Iraq: Arbil bombings

He was not unjustified, taking into account the relative tranquility and stability of Iraqi Kurdistan.

Should the latest treacherous suicide bombings that targeted the Kurdistan Democratic Party (KDP) and Patriotic Union of Kurdistan (PUK) offices in Arbil and that took the lives of Kurdish leadership figures be taken as an expansion of violence in the territory of Iraq, indicating that nowhere and nobody is safe? Is that the end of stability and security in the northern part of Iraq?

Doubtlessly, Sami Abdurrahman could not foresee that the suicide bombings that were in their initial stages in the Sunni Triangle would knock on his own door in Arbil and take his life, as nobody else could have foreseen in mid-July 2003. However, it would be far-fetched to claim that predominantly Kurdish northern Iraq will be plunged into chaos and instability, even if the perpetrators of the suicide bombings might have planned it to work out that way. Any observer who is eyewitness to the prevailing circumstances in the north can attest to the fact that both Kurdish regional administrations can keep the security situation in their regions under control. The "Sunni Kurdish north" is by no means a candidate for following in the footsteps of the Arab Sunni Triangle further south.
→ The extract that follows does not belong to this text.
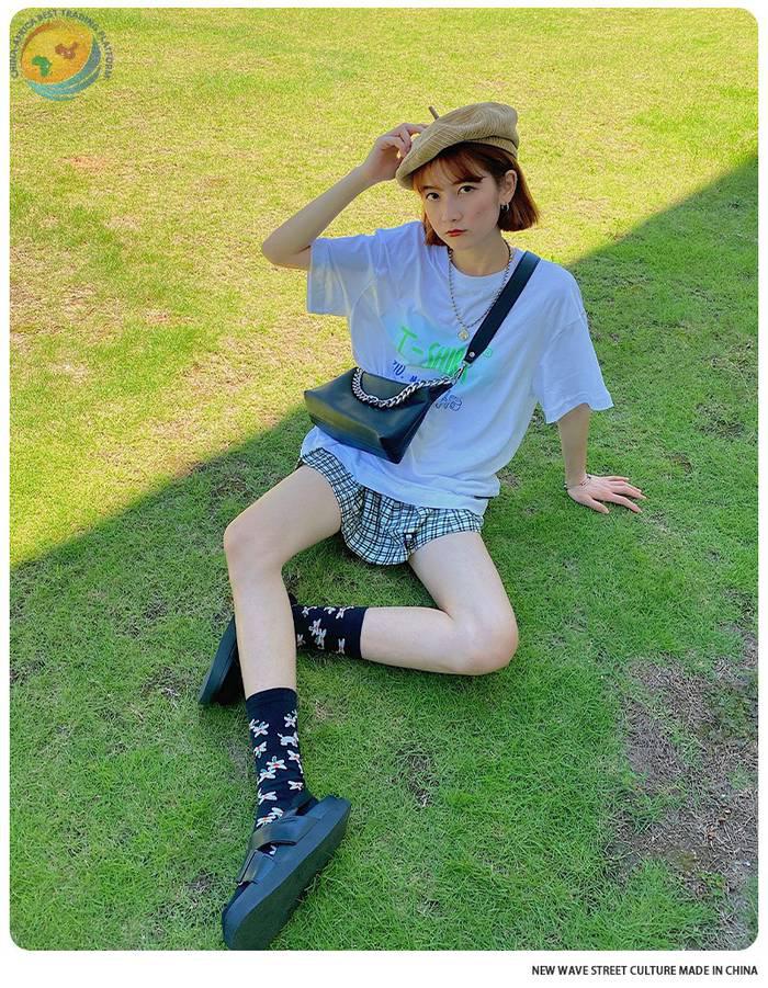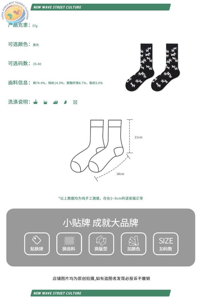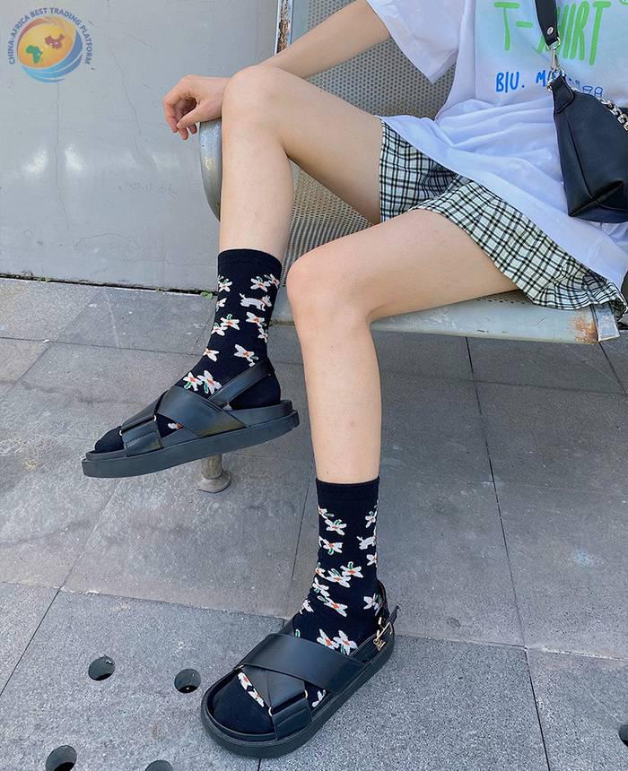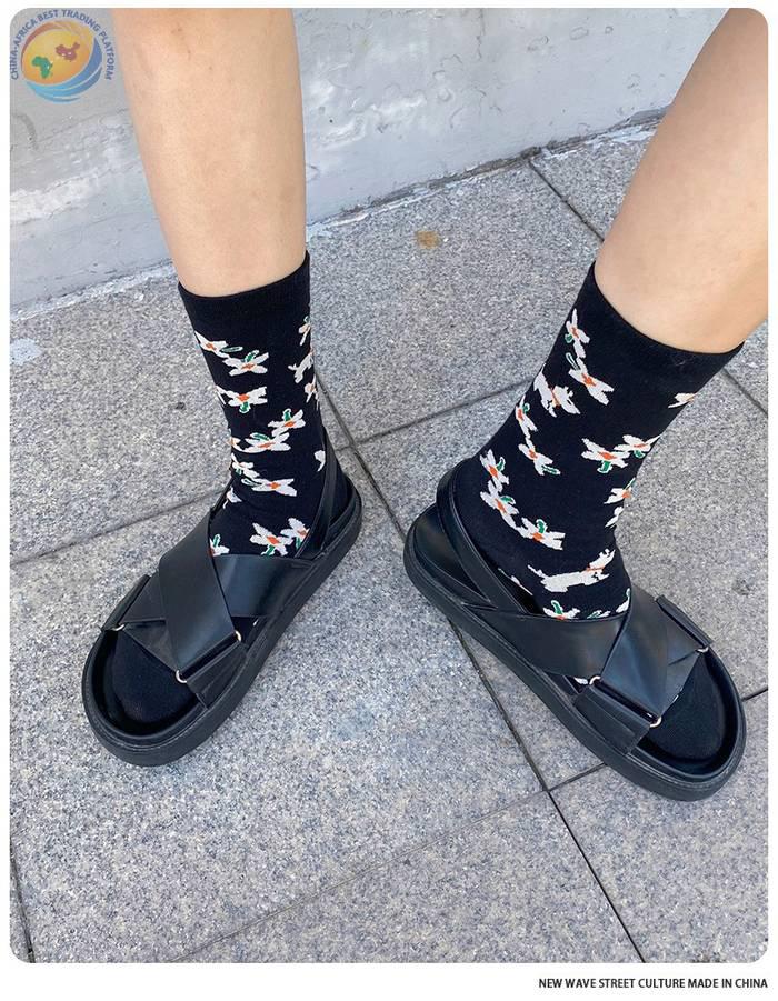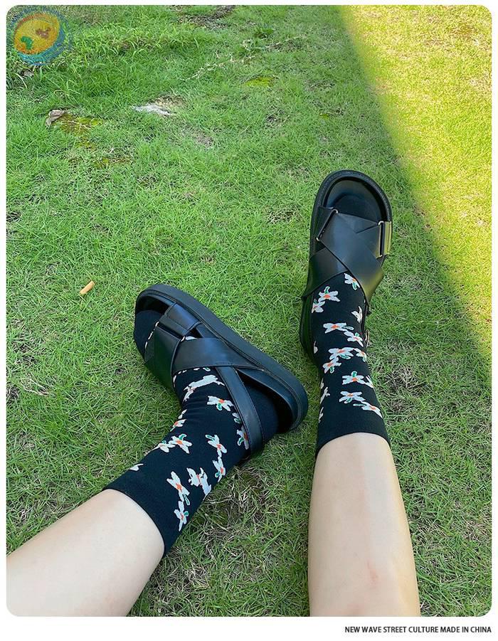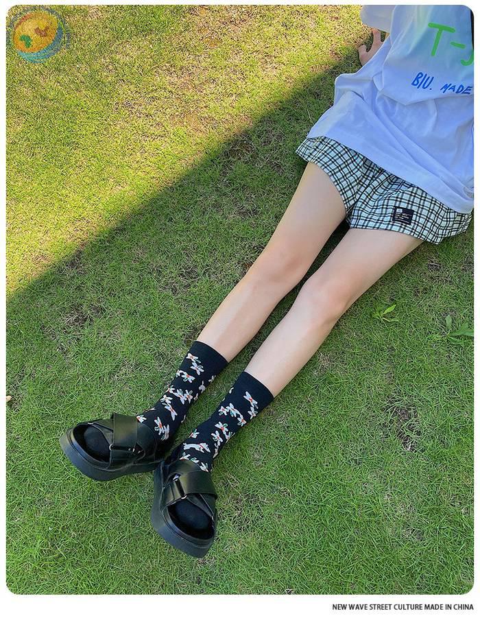 Plusox 新品日系少女花朵小狗复古男女袜ins潮中筒袜 棉袜 潮袜

The autonomy enjoyed over last 12 years and the starkly different ethnic and social composition of the north will not permit it to be transformed into a second Sunni Triangle.

Nonetheless, the latest terror that struck the heart of Iraqi Kurdish leadership can have a far-reaching impact on the evolution of the ongoing federalism debate in Iraq. Those unfortunate events most probably will embolden the Kurdish resolve to have a decentralized Iraq to the greatest extent possible. It will also add fuel to the "independentist" tendency in the grassroots. Such developments might give shivers to an already uneasy Turkey, very allergic to the emergence of any sort of Kurdish entity next to its troubled southeastern frontier.

In the wake of the Arbil incident, it is high time to engage in visionary statesmanship. The quick and commendable reaction of Turkish Foreign Minister Abdullah Gul when he sent a message of condolence in which he mentioned his "dismay" that such a thing had happened "to our neighbors and relatives in northern Iraq" could be a good start for mending the relations between Turkey and the Iraqi Kurds.

Though it might sound bizarre to some Western ears, the "historical fact" is that there has never been a "historical animosity" between the Turks and the Kurds, like the one that existed between the Kurds and the Arabs. Therefore, if "official Turkey" can move towards embracing the Iraqi Kurds in order to unleash a Turkish-Kurdish synergy following the terrorism that struck Arbil, it could find better and deeper inroads into the Middle Eastern quagmire that could render a positive and sobering impact on the region. This could also save Turkey from making unnecessary gestures towards those Arabs on the losing side of the "regional equation."

After all, what happened in Arbil should be assessed as a second wake-up call for Turkey since it had been subjected to a similar terrorist onslaught on Nov. 15 and 20 in Istanbul. Turkey had been a target of terrorism emanating from the region because it constituted a role model for the whole region as a democratic-secular state. The Kurdish administrations in northern Iraq, no matter how small an area they control, were the harbingers of the pluralistic, democratic and secular Iraq yet to be formed. Despite the misgivings and distrust fueled by certain circles, Turkey and the Iraqi Kurds have much in common, and the Istanbul and Arbil terrorist attacks sealed the commonality in their outlook and destiny.

While we were in Washington with Prime Minister Tayyip Erdogan, prior to the carnage in Arbil, the "new game in the town" was the debate on the "Greater Middle East," in which Turkey’s participation and active contribution was being demanded by the United States. Some American policymakers (like Deputy Secretary of Defense Paul Wolfowitz, as he disclosed in a CNN-Turk interview) went so far as to say that the backbone of a new strategic partnership between Turkey and the United States would be based upon highlighting and introducing democracy in the Greater Middle East.

The meaning is clear: That first and foremost Turkey should be helping the West in crafting a new agenda to transform the Greater Middle East. This is the main road that Turkey has to take if it wants to be become a keystone state in the region.

The lessons of the Arbil incident present Turkey with the first chance to redress its vision for meeting the prerequisites of forming the Greater Middle East.